Par un arrêt n° 17LY02016 du 21 février 2019, la cour administrative d'appel de Lyon a, sur appel de M. D..., annulé ce jugement et la décision du CIVEN puis enjoint à celui-ci de réexaminer la demande d'indemnisation de l'intéressé.
Par un pourvoi, enregistré le 8 avril 2019 au secrétariat du contentieux du Conseil d'Etat, le CIVEN demande au Conseil d'Etat :
1°) d'annuler cet arrêt ;
2°) réglant l'affaire au fond, de rejeter l'appel de M. D....

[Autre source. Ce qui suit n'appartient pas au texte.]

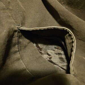 Not worn down,, in great shape, not worn a lot, plaid inside, well made, authentic, snap button down, button under pockets, 1 button missing (never noticed as i never used them)

Vu les autres pièces du dossier ;
Vu :
- le code de la santé publique ;
- la loi n° 2010-2 du 5 janvier 2010 ;
- la loi n° 2017-256 du 28 février 2017 ;
- la loi n° 2018-1317 du 28 décembre 2018 ;
- le décret n° 2014-1049 du 15 septembre 2014 ;
- le code de justice administrative ;
Après avoir entendu en séance publique :
- le rapport de Mme A... C..., auditrice,
- les conclusions de M. Gilles Pellissier, rapporteur public ;
Considérant ce qui suit :
1. Il ressort des pièces du dossier soumis aux juges du fond que, par une décision du 19 janvier 2016, le comité d'indemnisation des victimes des essais nucléaires (CIVEN) a rejeté la demande de M. D... d'indemnisation des conséquences dommageables de la maladie dont il est atteint. Par un jugement du 20 mars 2017, le tribunal administratif de Dijon a rejeté sa demande tendant à l'annulation de cette décision et à la condamnation de l'Etat à l'indemniser. Le CIVEN se pourvoit en cassation contre l'arrêt du 21 février 2019 par lequel la cour administrative d'appel de Lyon a annulé ce jugement et lui a enjoint de proposer une indemnisation à M. D....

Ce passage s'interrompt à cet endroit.